Because you had incorrectly labelled me with Fibromyalgia, other doctors either thought I was a hypochondriac or a lost cause, and I went for years without finding out what was really wrong with me.

After years of no sleep, even while taking the sleeping pills recommended for patients with Fibromyalgia, I got fed up and demanded a sleep study. Luck for me, I had the energy that day to advocate for health.

The sleep study uncovered a major issue with my heart. I know you’re not a cardiologist, but you’re probably smart enough to realise that cardiomyopathy causes fatigue.

Turns out all I needed were beta blockers and ACE inhibitors to make me feel better. I’m not exhausted or achey or stiff anymore, Dr. H.C. I have been living well without medication for a very long time now, Dr. H.C.

If you had taken the time to diagnose me properly, instead of trying to stuff me into a neat box and then throw me out the door, you would have saved me a lot of heartache.
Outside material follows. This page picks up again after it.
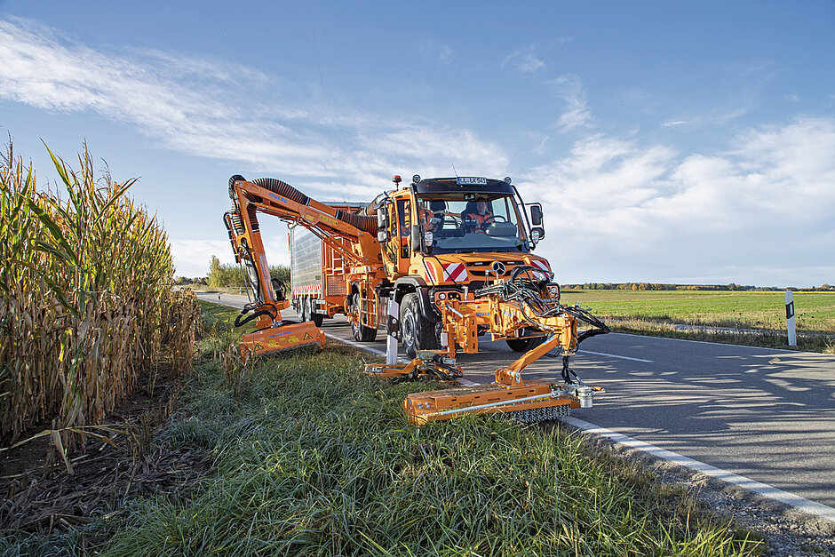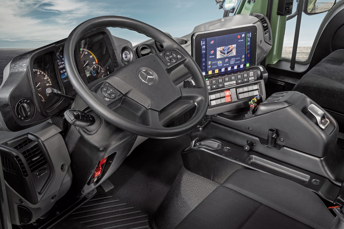 Mercedes-Benz Special Trucks zeigt erstmalig einen Unimog Geräteträger, der die Vorgaben der ab Juli in Kraft tretenden EU-Gesetzgebung zur Fahrzeugsicherheit (EU-Verordnung 2019/2144 General Safety Regulation II, kurz: GSR) erfüllt und dadurch mehr Unterstützung für den Fahrer und mehr Sicherheit für alle Verkehrsteilnehmer schaffen kann. Im Rahmen der neuen GSR sind jetzt unter anderem der Sideguard Assist, ein Frontguard Assist, ein Verkehrszeichen-Assistent, eine Rückfahrkamera und ein Warnsystem bei Reifendruckverlust serienmäßig verbaut. Fast alle der für den Unimog verfügbaren Anbaugeräte lassen sich künftig über das neue Bediensystem Uni-Touch steuern. Das neue Bediensystem kann geräteeigene Bedienpulte ersetzen und die Bedienung ergonomischer und intuitiver machen. Die Mittelkonsole ist umfassend überarbeitet, schlanker konzipiert und quer und längs verschiebbar. Die Anzahl der Bedienelemente konnte durch die Möglichkeit, Tasten individuell zu belegen und Anwendungsprofile sowie wiederkehrende Abläufe zu speichern, platzsparend reduziert werden. Über einen 10,5 Zoll großen Touchscreen kann der Anwender die passenden Einstellungen für den jeweiligen Arbeitseinsatz vornehmen. Für einen flexiblen Blickwinkel lässt sich der Bildschirm drehen und im Neigungsgrad verstellen.

If you practice medicine every day the way you practiced medicine with me that day, you are a disgrace. You should put your medical licence in that box, set it on fire and then go back to school to become a Wall Street broker.

I’d rather you fuck with my money than my life.

With all my heart,

Jenn

Premature Ventricular Contractions

It’s common for a healthy woman in her twenties to experience some PVCs – extra, abnormal heartbeats that begin in one of the ventricles. That’s what my doctor said when I was rejected by the blood bank for having an abnormal pulse. She wasn’t making it up; it’s true.

It’s not healthy to have more than one hundred PVCs a minute.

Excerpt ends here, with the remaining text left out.